Every line from the start of the entries up to and including the one bearing "不动产权属证书遗失声明-桃源县农业科学研究所" must be printed verbatim, without the pictures.

Entries taken from a collection
____

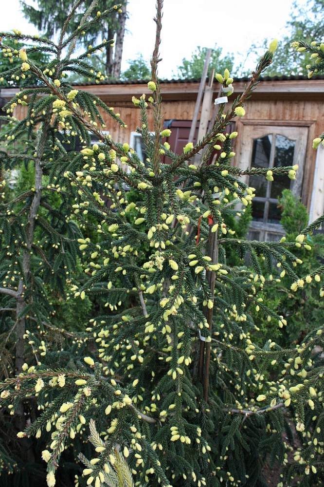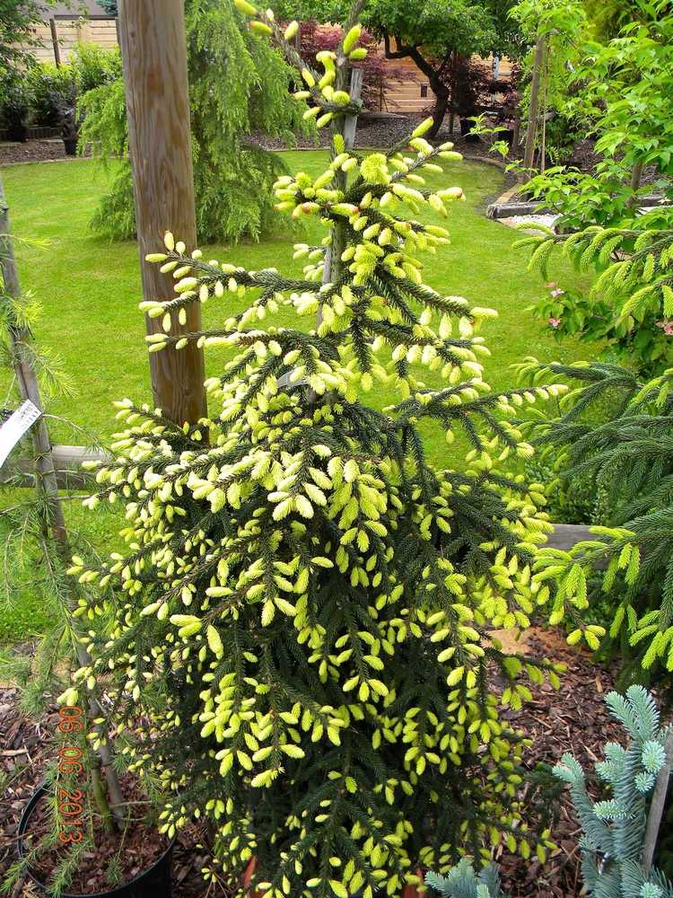 Ель восточная Aureospicata - хвойное вечнозеленое дерево конической формы. Крона плотная. Взрослая ель может достигать высоты 8-12 м и ширины 5 м. В возрасте 30 лет достигает 6-8 м высоты. В 10 лет высота около 2,5 м и 1,5 м в диаметре. Сорт является самым декоративным представителем елей восточных благодаря ярко-желтым молодым приростам, которые появляются позднее чем у других сортов ели, в июне мясяце. Вырастая, приросты становятся зелеными. Хвоя короткая, темно-зеленая, блестящая. Иголки короткие, жесткие.
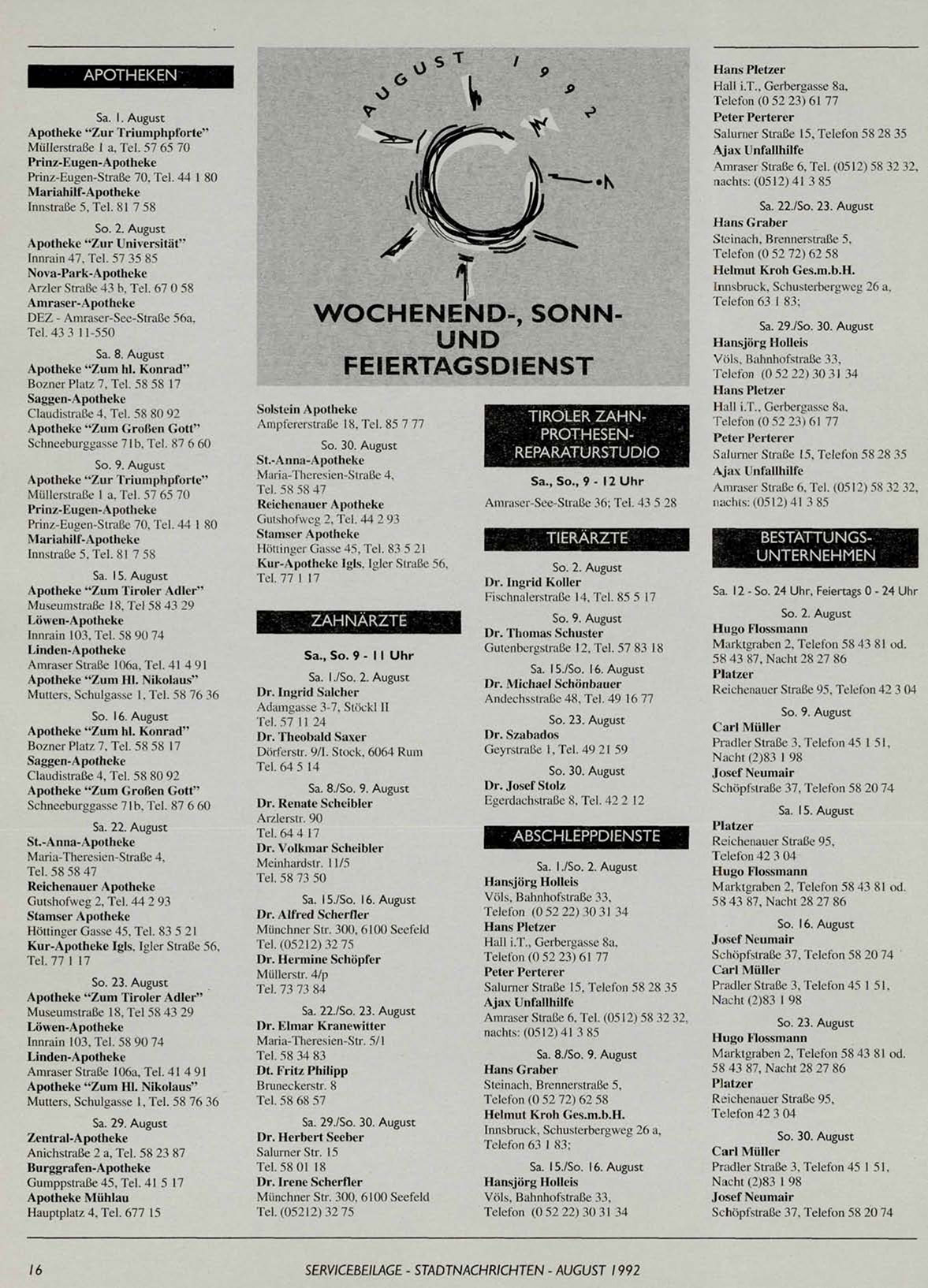 SERVICEBEILAGE - STADTNACHRICHTEN - AUGUST 1992
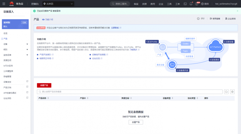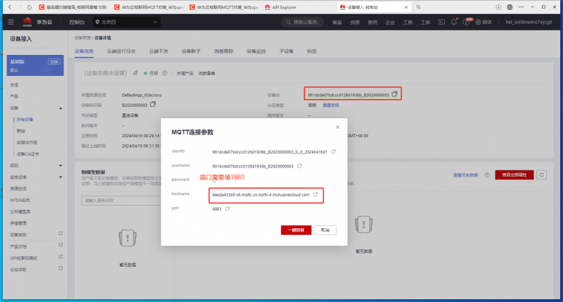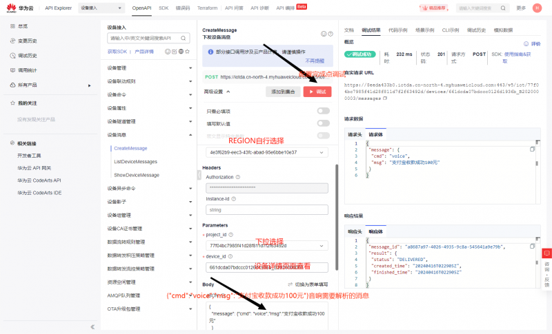 测试设备功能,打开华为云官网进入API在线调试,按如下设置:
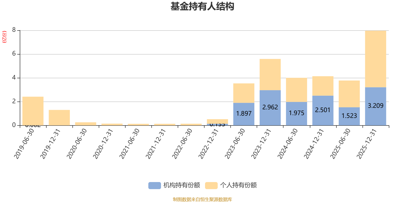 截至2025年12月31日,基金持有人共计4.7万户,合计持有7.96亿份。其中管理人员工持有116.21万份,占比0.15%,机构持有份额占比40.29%,个人投资者占比59.71%。
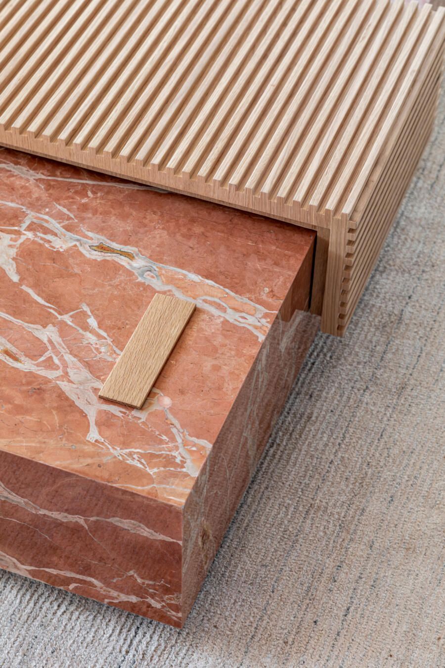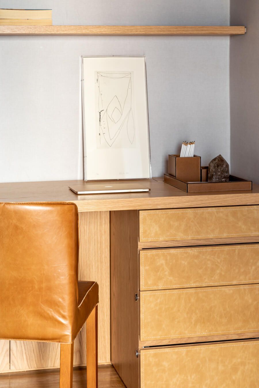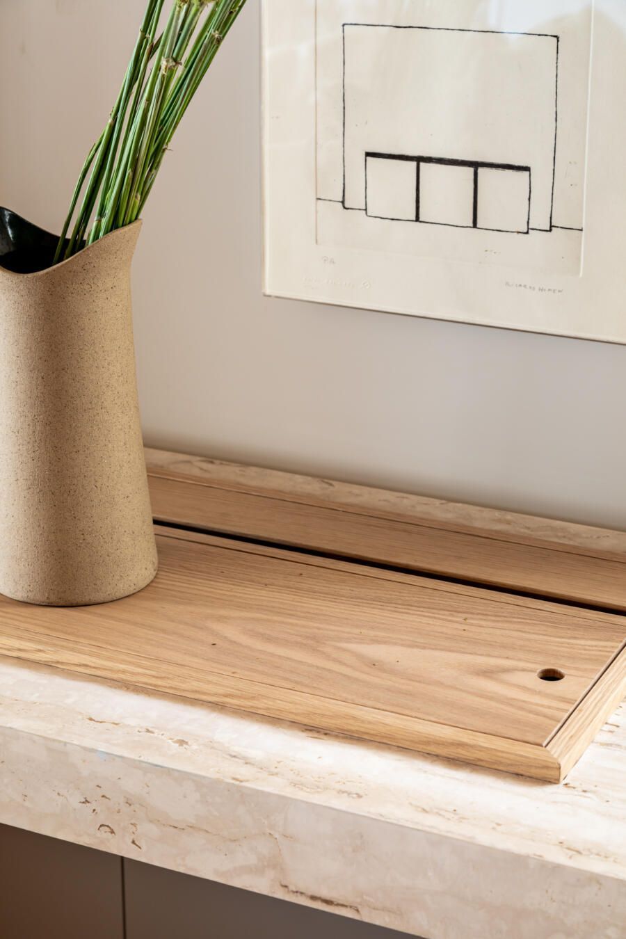 “Eles não precisavam de muito espaço para guardar coisas na bancada de mármore, então a gente criou só uma caixinha de madeira para quando estiverem recebendo. Nessa caixinha eles podem deixar as bebidas, servir de apoio para servir uns petiscos ou, eventualmente, até sobremesas. Assim, a bancada ‘normal’ pode se tornar uma bancada de bar.”
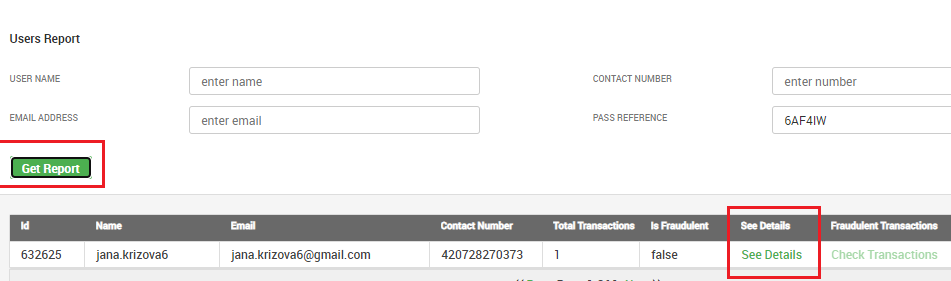 Entering the customer's contact number, the pass reference (ticket code), or an email address will allow you to view the account details.
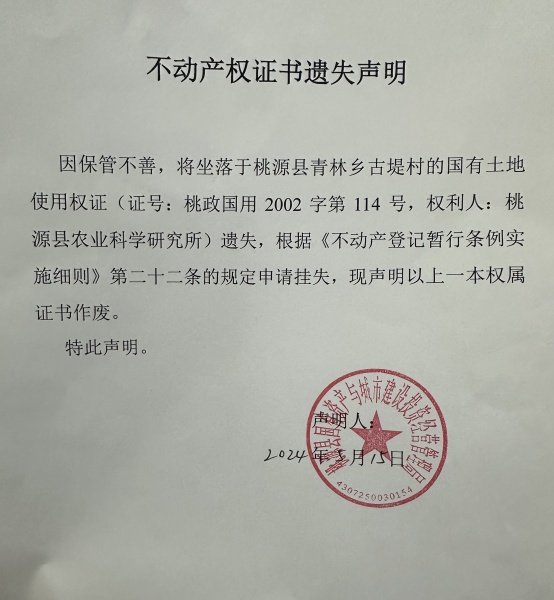 不动产权属证书遗失声明-桃源县农业科学研究所
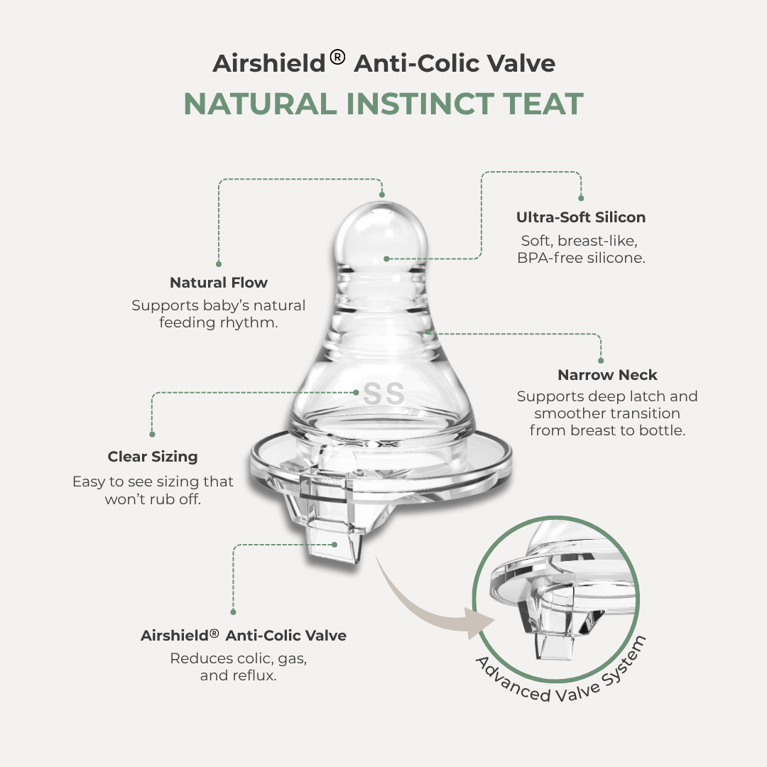 Each teat is equipped with our advanced AirShield® Valve, a unique system that actively vents air back into the bottle, not your baby’s tummy. You’ll see it working in real time: visible air bubbles rising inside the bottle as your baby feeds, a sign the valve is actively reducing vacuum buildup and helping prevent colic and post-feed fuss.
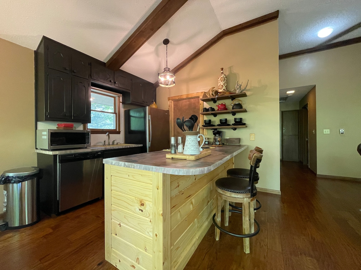 Ovaj stan je iznad naše odvojene garaže. Ima privatni ulaz. Drveni podovi, kuhinja i kupatilo. TV sa kablovskom televizijom i Chromecastom. Optički internet. Imovina se nalazi 5 milja od grada, 12 minuta od Eagle Rocka, 15 minuta od jezera Table Rock, 10 minuta od državnog parka Roaring River, 35 minuta od Eureka Springa, Arkanzas. Lijepo mjesto za posjet vikendom ili ako ste u gradu zbog posla. Malo kantri muzike dobro dođe svima!
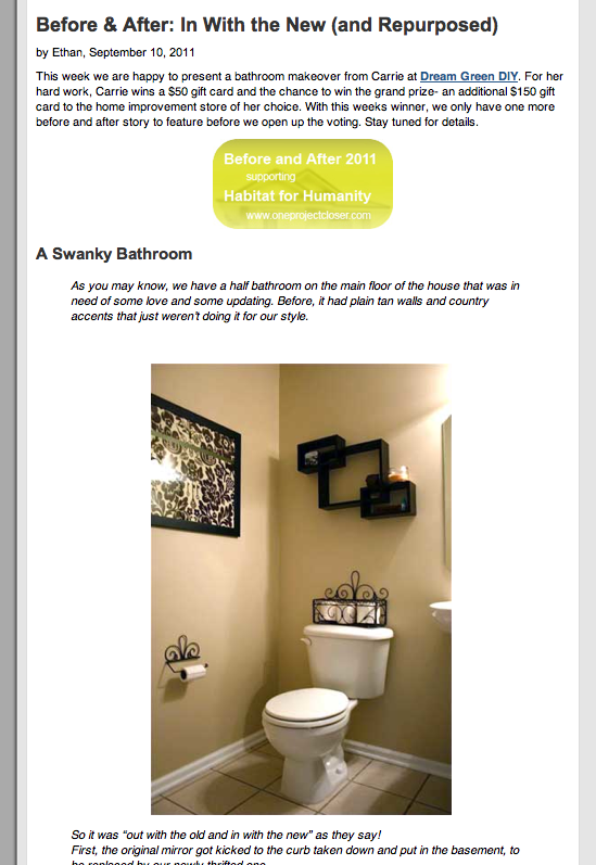 But one more thing before I go…I don’t know if you guys follow me on Twitter (if you don’t, you definitely should! Hint: look for a link on the sidebar to the right), but while at the beach I received the wonderful news that one of our DreamGreenDIY projects has made the cut over at “One Project Closer”!!! I had submitted my makeover to the project months ago, not thinking anything would actually come of it – But it was miraculously chosen and, as you can see below, was published on their AWESOME blog for all to see! So honored to have been given a spot amongst all of the other incredible makeovers featured on the blog…I also won a $50 gift card to Amazon for being chosen! I am planning on using it on another home makeover I’ve got up my sleeve, so stay tuned for that…
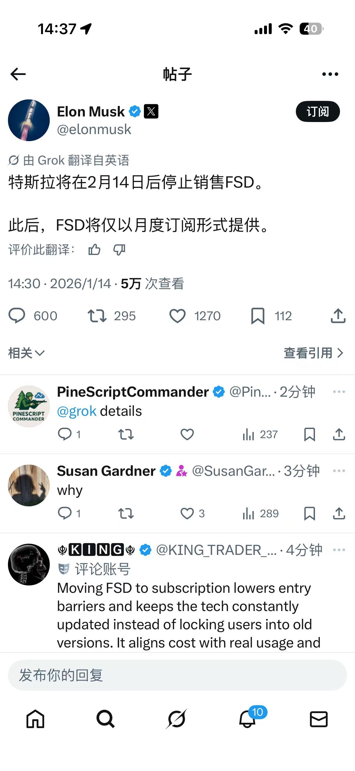 特斯拉将在2月14日之后停止销售FSD套件?意思是取消买断?转为月度订阅模式么?消息暂不确定,但是月度订阅是很香 啊
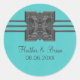 Regal and elegant Medallion Border Wedding Stickers featuring a digital art metallic medallion and a three stripe border on a turquoise background. These bold and stylish wedding stickers are perfect for an equally bold and stylish wedding and are great for favours or envelope seals. Easy to customise, simply add the details of your wedding in the text fields provided. Click on "Customise It" to find additional personalisation options such as changing fonts or text size.
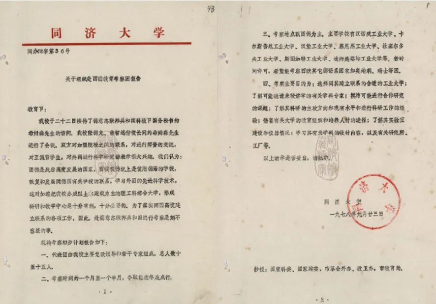 可以说,这个请示是主动的、快速的,也是极富智慧、眼光和胆识的,它凝聚了中国人对现代化的渴望和几代同济人的梦想,借助国家领导人高瞻远瞩送出的重要信息,从而打开向以德国为代表的欧洲现代化强国学习的大门,把同济与整个世界从学术上联系起来。
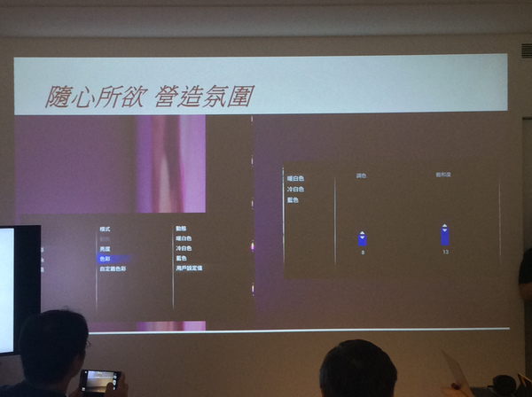 【▼】馬中強先生為大家示範情境光源的特效,可配合周圍牆壁的顏色,打造不同的情境氛圍。
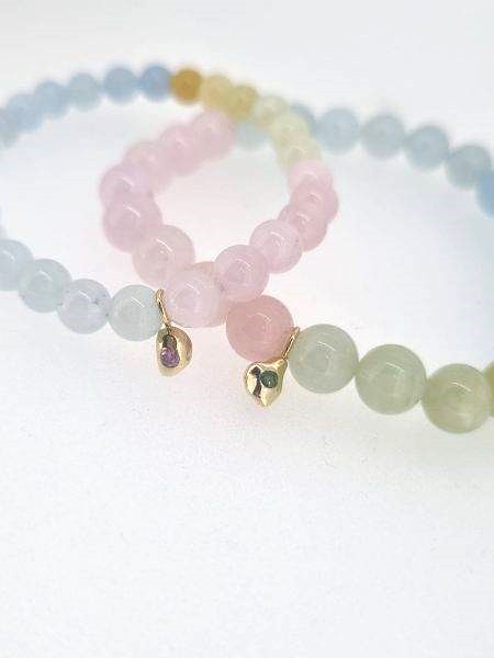 De Armband Pura – Rozenkwarts en gecombineerd gekleurde Beryl met Gouden Druppel Bedel en Roze Diamant is een handgemaakt sieraad dat elegantie en verfijning samenbrengt. De 6 mm kralen van rozenkwarts en beryl geven een zachte en levendige glans, terwijl de gouden druppel bedel met 0,05 ct roze diamant een subtiel luxe accent toevoegt.
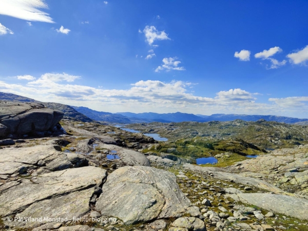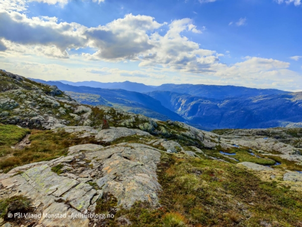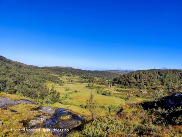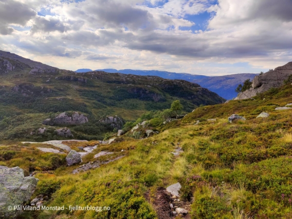 Denne siste etappen, fra parkeringsplassen og ned til Ølen kan fint anbefales hvis du skal ta buss videre fra bussterminalen i Ølen eller båt mot Bergen. Mye triveligere etappe enn å følge grusveien ned til E134, og asfalt derfra.

____

◆ **Output**
 Ель восточная Aureospicata - хвойное вечнозеленое дерево конической формы. Крона плотная. Взрослая ель может достигать высоты 8-12 м и ширины 5 м. В возрасте 30 лет достигает 6-8 м высоты. В 10 лет высота около 2,5 м и 1,5 м в диаметре. Сорт является самым декоративным представителем елей восточных благодаря ярко-желтым молодым приростам, которые появляются позднее чем у других сортов ели, в июне мясяце. Вырастая, приросты становятся зелеными. Хвоя короткая, темно-зеленая, блестящая. Иголки короткие, жесткие.
 SERVICEBEILAGE - STADTNACHRICHTEN - AUGUST 1992
 测试设备功能,打开华为云官网进入API在线调试,按如下设置:
 截至2025年12月31日,基金持有人共计4.7万户,合计持有7.96亿份。其中管理人员工持有116.21万份,占比0.15%,机构持有份额占比40.29%,个人投资者占比59.71%。
 “Eles não precisavam de muito espaço para guardar coisas na bancada de mármore, então a gente criou só uma caixinha de madeira para quando estiverem recebendo. Nessa caixinha eles podem deixar as bebidas, servir de apoio para servir uns petiscos ou, eventualmente, até sobremesas. Assim, a bancada ‘normal’ pode se tornar uma bancada de bar.”
 Entering the customer's contact number, the pass reference (ticket code), or an email address will allow you to view the account details.
 不动产权属证书遗失声明-桃源县农业科学研究所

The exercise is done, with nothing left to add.